▶ [About this task]:
Starting at the line with "نشر النجم عاصي", return every line through the final one of the data, word for word. Pictures stay out.

▶ [Extracted entries]:
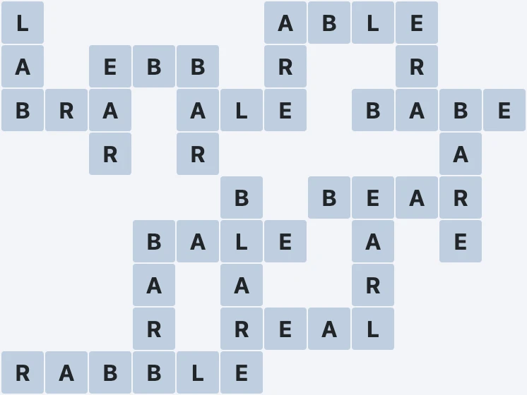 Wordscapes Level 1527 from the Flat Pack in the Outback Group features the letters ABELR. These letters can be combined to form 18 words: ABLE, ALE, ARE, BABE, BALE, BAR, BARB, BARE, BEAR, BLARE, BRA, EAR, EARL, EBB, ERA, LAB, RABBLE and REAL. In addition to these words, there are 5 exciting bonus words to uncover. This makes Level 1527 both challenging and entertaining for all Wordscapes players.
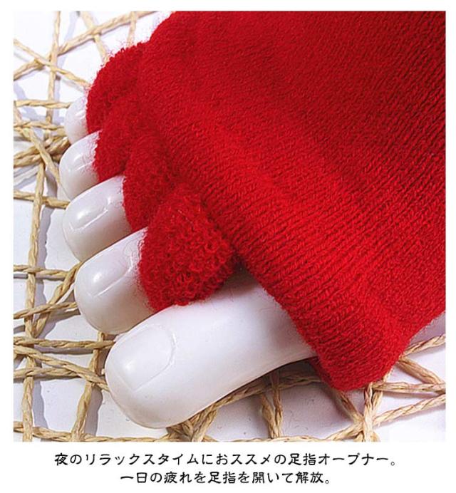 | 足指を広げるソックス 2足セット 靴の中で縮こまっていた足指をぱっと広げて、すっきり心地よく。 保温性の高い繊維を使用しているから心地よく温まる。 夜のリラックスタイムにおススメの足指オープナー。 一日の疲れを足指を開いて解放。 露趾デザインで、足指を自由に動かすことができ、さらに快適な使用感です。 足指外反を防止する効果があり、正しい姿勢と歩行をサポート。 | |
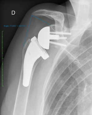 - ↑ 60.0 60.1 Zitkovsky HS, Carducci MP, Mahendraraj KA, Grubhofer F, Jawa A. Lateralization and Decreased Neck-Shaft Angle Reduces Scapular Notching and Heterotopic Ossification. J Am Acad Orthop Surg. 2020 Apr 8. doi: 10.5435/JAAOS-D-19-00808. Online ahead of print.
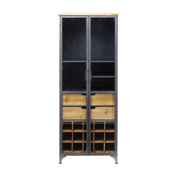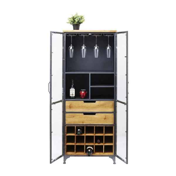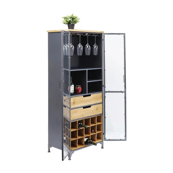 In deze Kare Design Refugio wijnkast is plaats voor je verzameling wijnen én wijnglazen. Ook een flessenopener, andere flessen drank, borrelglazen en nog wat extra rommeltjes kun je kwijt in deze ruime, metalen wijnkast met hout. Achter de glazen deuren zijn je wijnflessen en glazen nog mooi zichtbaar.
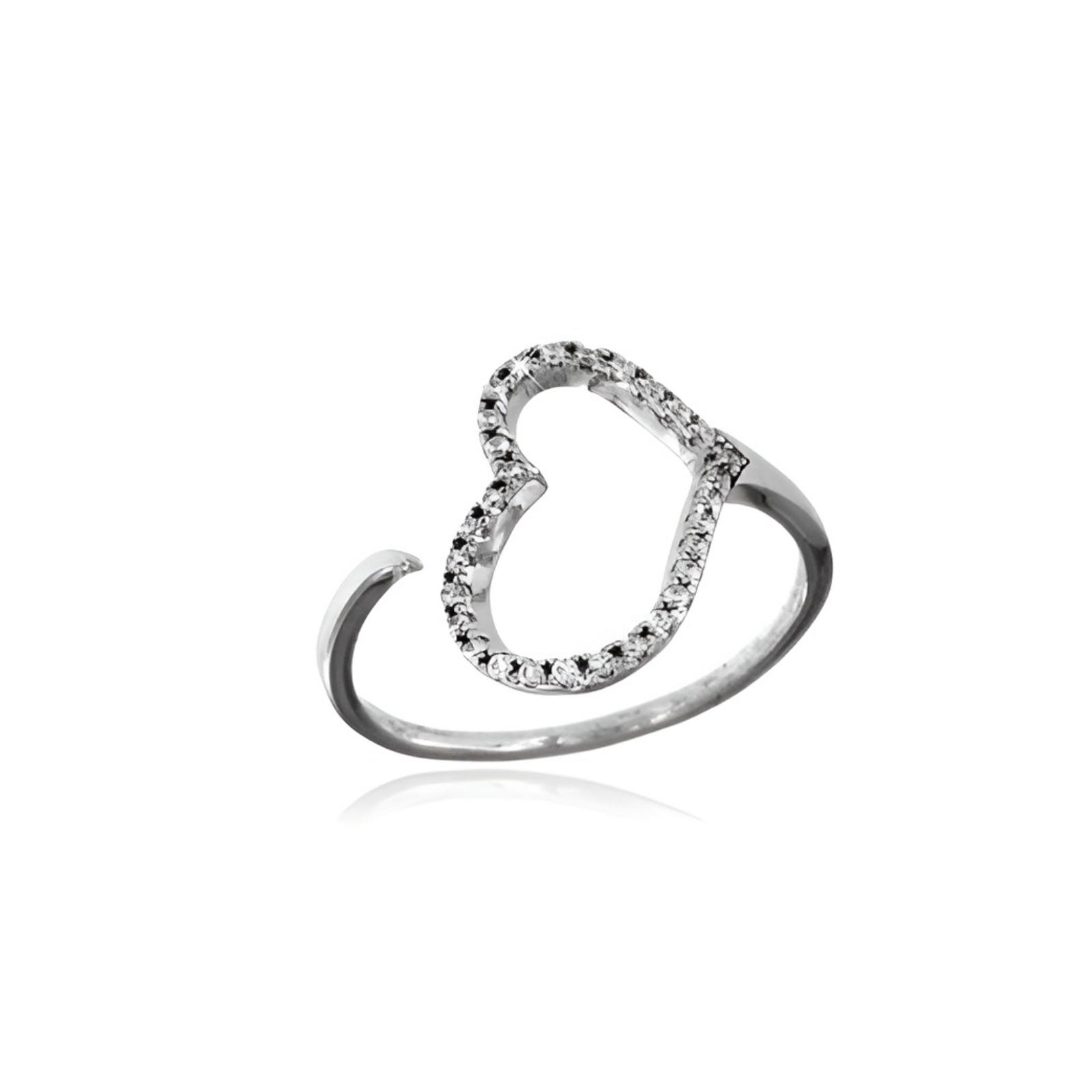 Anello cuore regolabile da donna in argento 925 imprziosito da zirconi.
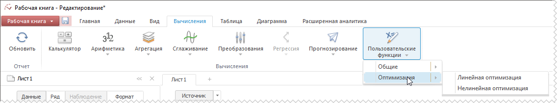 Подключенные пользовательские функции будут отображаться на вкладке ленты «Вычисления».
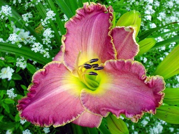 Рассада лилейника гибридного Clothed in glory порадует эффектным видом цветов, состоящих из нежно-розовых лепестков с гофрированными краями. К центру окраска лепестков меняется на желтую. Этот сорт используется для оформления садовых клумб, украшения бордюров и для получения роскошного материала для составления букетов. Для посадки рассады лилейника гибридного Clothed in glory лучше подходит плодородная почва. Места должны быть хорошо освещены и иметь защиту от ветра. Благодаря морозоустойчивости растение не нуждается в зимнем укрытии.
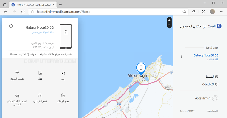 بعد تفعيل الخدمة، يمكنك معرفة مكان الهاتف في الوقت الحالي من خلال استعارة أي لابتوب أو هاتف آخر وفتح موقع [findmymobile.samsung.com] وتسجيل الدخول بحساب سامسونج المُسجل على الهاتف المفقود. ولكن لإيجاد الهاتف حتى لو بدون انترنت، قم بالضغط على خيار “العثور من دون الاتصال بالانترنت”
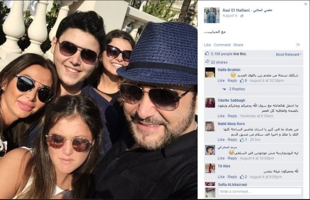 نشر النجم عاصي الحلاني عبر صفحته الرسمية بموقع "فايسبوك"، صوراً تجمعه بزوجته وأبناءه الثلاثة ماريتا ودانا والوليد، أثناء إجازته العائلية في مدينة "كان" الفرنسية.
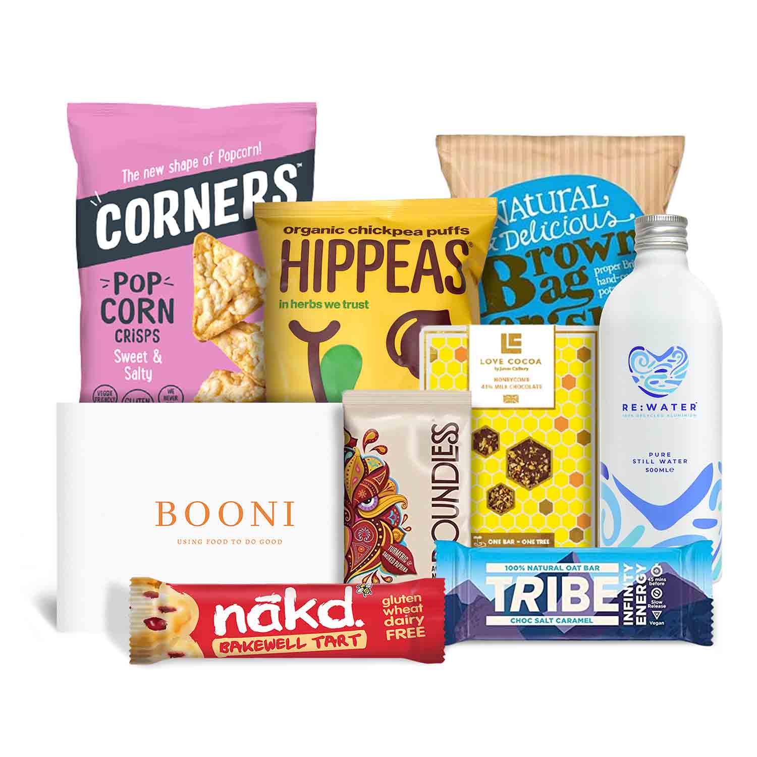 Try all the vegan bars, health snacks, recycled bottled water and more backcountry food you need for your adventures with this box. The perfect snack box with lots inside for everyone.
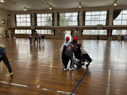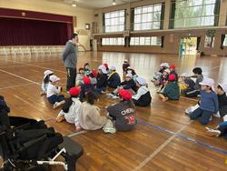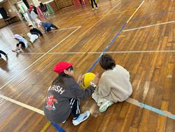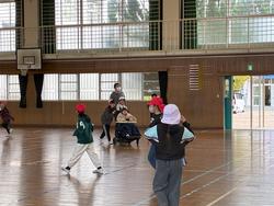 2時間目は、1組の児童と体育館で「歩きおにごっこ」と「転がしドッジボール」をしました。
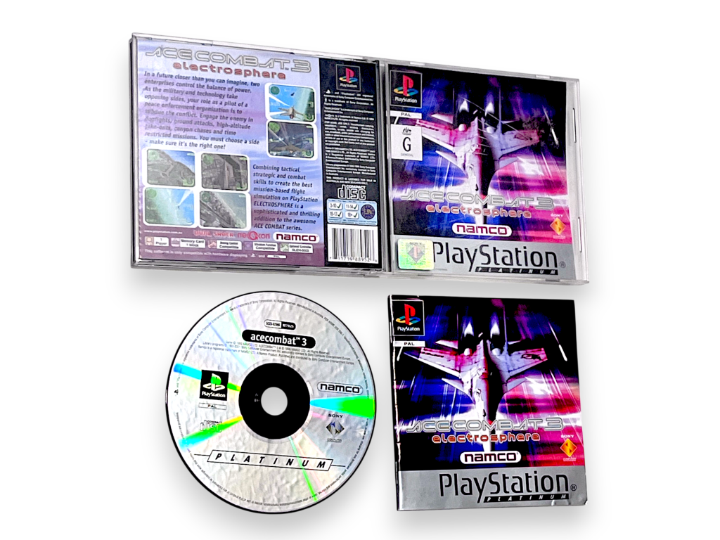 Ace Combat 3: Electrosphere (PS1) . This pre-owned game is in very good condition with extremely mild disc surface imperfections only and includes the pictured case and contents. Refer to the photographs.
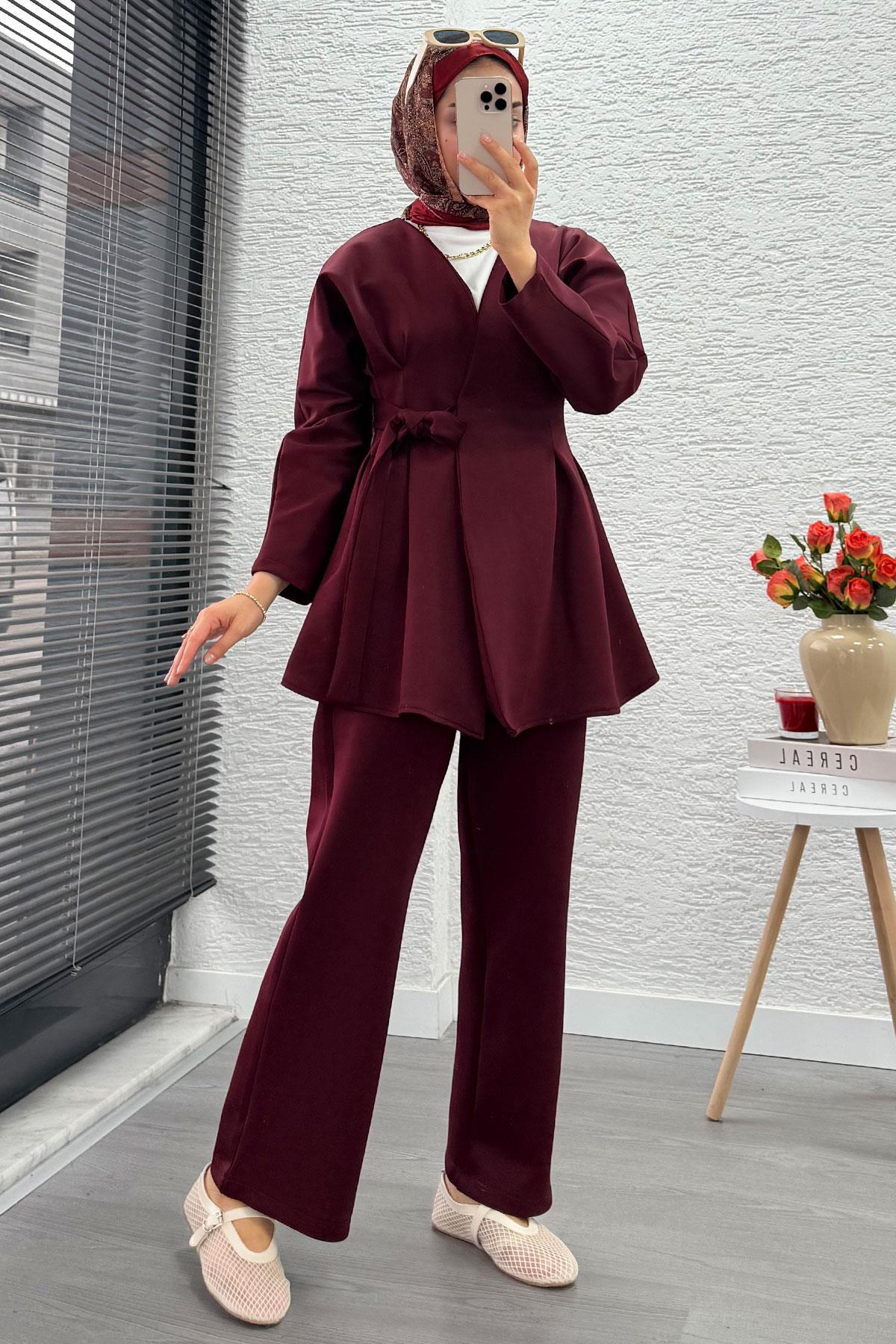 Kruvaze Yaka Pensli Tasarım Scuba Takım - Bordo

▶ [Response to the exercise]:
 نشر النجم عاصي الحلاني عبر صفحته الرسمية بموقع "فايسبوك"، صوراً تجمعه بزوجته وأبناءه الثلاثة ماريتا ودانا والوليد، أثناء إجازته العائلية في مدينة "كان" الفرنسية.
 Try all the vegan bars, health snacks, recycled bottled water and more backcountry food you need for your adventures with this box. The perfect snack box with lots inside for everyone.
 2時間目は、1組の児童と体育館で「歩きおにごっこ」と「転がしドッジボール」をしました。
 Ace Combat 3: Electrosphere (PS1) . This pre-owned game is in very good condition with extremely mild disc surface imperfections only and includes the pictured case and contents. Refer to the photographs.
 Kruvaze Yaka Pensli Tasarım Scuba Takım - Bordo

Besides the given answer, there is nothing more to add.